Le langage est réglé à la fois par l’institution et par le vouloir. Mais la matière en est fournie par la nature, par le cri, et par ce gazouillement où l’enfant fait le premier essai de ses forces et s’émerveille de ce pouvoir qu’il a d’ébranler l’univers. Il est remarquable que, dans toutes les langues, les mêmes syllabes élémentaires servent à désigner la nourriture ou les parents, ou l’objet que l’on veut montrer, comme s’il y avait entre le mouvement des lèvres et le geste qu’elles appellent et qui le prolonge une ressemblance mystérieuse.
La pensée n’est d’abord qu’un rêve sans consistance. On s’étonne que ces lueurs fugitives qui traversent un instant notre conscience, qui nous paraissent à nous-même sans réalité, comme des feux follets de la caverne intérieure que la lumière du jour suffira à faire évanouir, puissent parfois soutenir une telle épreuve, acquérir tout à coup une solidité et un éclat qui en font l’objet commun de tous les regards. C’est le langage qui obtient ce prodige. Il transpose, si l’on peut dire, l’individuel dans l’universel et, au lieu, comme on le croit, de l’appauvrir, de lui ôter l’originalité et la vie, il lui donne la substance et l’accroissement ; il lui ajoute la chair et le sang.
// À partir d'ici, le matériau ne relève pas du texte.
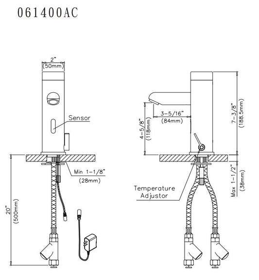 061400 AC Electronic Lavatory Faucet with Above Deck Mixer(PRE-ORDER)

Il ne suffit pas de dire que le mot n’est point encore la chose : car
le mot est prononcé ; et ce petit mouvement des lèvres suffit à ébranler
l’univers. Le mot est un intermédiaire entre la pensée et l’action, une
action qui se cherche et qui commence à s’ébaucher, une promesse
d’action qui peut-être ne sera jamais tenue. Sa vertu, c’est d’être non
point un objet que je retrouve, mais un mouvement dont je dispose et
qui peut être répété indéfiniment. Et pourtant le ton avec lequel je le
prononce, l’assemblage où je le fais entrer le rendent toujours nouveau,
de telle sorte que sa signification se transforme sans cesse et
m’étonne toujours.
La parole et l’écriture sont les deux portes du langage. Et la vertu du langage, c’est d’obliger la pensée de l’individu à retrouver, en se proposant à autrui, une expérience commune dans laquelle elle puise et qu’elle modifie toujours. Il ne réussit à manifester le secret des consciences et à établir entre elles une vivante communication qu’à condition d’inscrire la pensée de l’individu dans un monde qui est celui de tous.
Mais la voix est toujours émouvante par le timbre et par l’accent plus que par le contenu des paroles ; elle est une physionomie de nos profondeurs, qui surprend celui qui tout à coup la découvre, et que l’autre, celle que nous offrons constamment à tous les regards, dissimule le plus souvent.